ISLAM is a great and good religion, as are the other major faiths of the world, when interpreted and put into practice by true men of God learned, balanced, fair-minded, sensible, compassionate and benevolent. I am a Zarathushti, a follower of the prophet Zarathushtra. I am not a Parsi by religion, but by race. The origin of the word ‘Parsi’ goes back 1,368 years when a group of Zarathushtis from the province of Pars in Iran arrived to settle on the west coast of Hindustan, then ruled by the benign king, Jadav Rana. It was the Hindustanis who bestowed upon the community the name ‘Parsis’ the men from Pars. Zarathushtra taught his followers that life was a gift of God to be lived to the full, and that they should do unto others as others and they would be done by.
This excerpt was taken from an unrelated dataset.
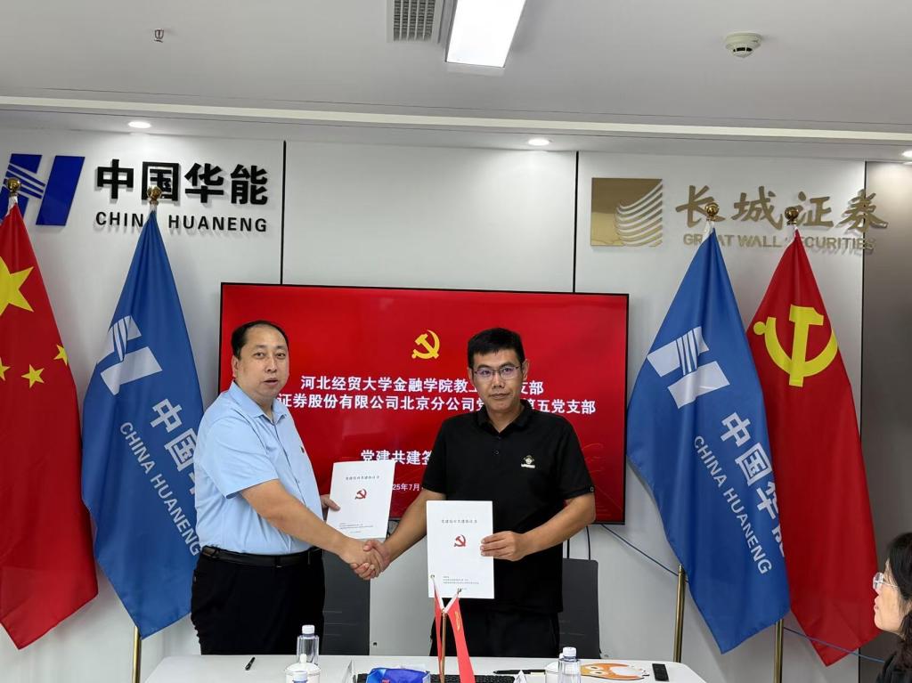 为深化校企合作,创新基层党建工作模式,推动党建与业务融合发展,实现校企资源共享、优势互补。近日,公司教工第一支部与长城证券北京分公司党总支第五党支部,联合开展党建共建活动,双方签署共建协议并举行授牌仪式,长城证券石家庄营业部总经理车凯磊、总经理助理闫红亮、机构业务部总监杜胜海、合规部经理蒋玉莲,金融公司党委书记魏健、经理杨雪美、副经理窦丽琛、办公室主任教工一支部书记李艳辉参加。

He taught them that religion is a matter that rests entirely between man and his God, that intolerance, bigotry and dogmatism are the bitterest enemies of religion as they render it a tyranny and a form of persecution. Bigotry stifles reason, is blind and savage, sectarian bigotry and inter-religious bigotry being equally evil. Man has no right to demand that his neighbour shall address his God as does he, nor that he shall pray, worship, and sacrifice to God in the manner that he does. No thinking man’s idea of God and religion can ever be the same at all times and in all places on earth. True men of religion know that they have no right to impose their way of thinking upon others, that they must remain free from the spirit of sectarianism and fanatic zeal. Zarathushtra’s teachings, as do the teachings of all the great prophets, define cleanly and clearly the difference between religion and religiosity.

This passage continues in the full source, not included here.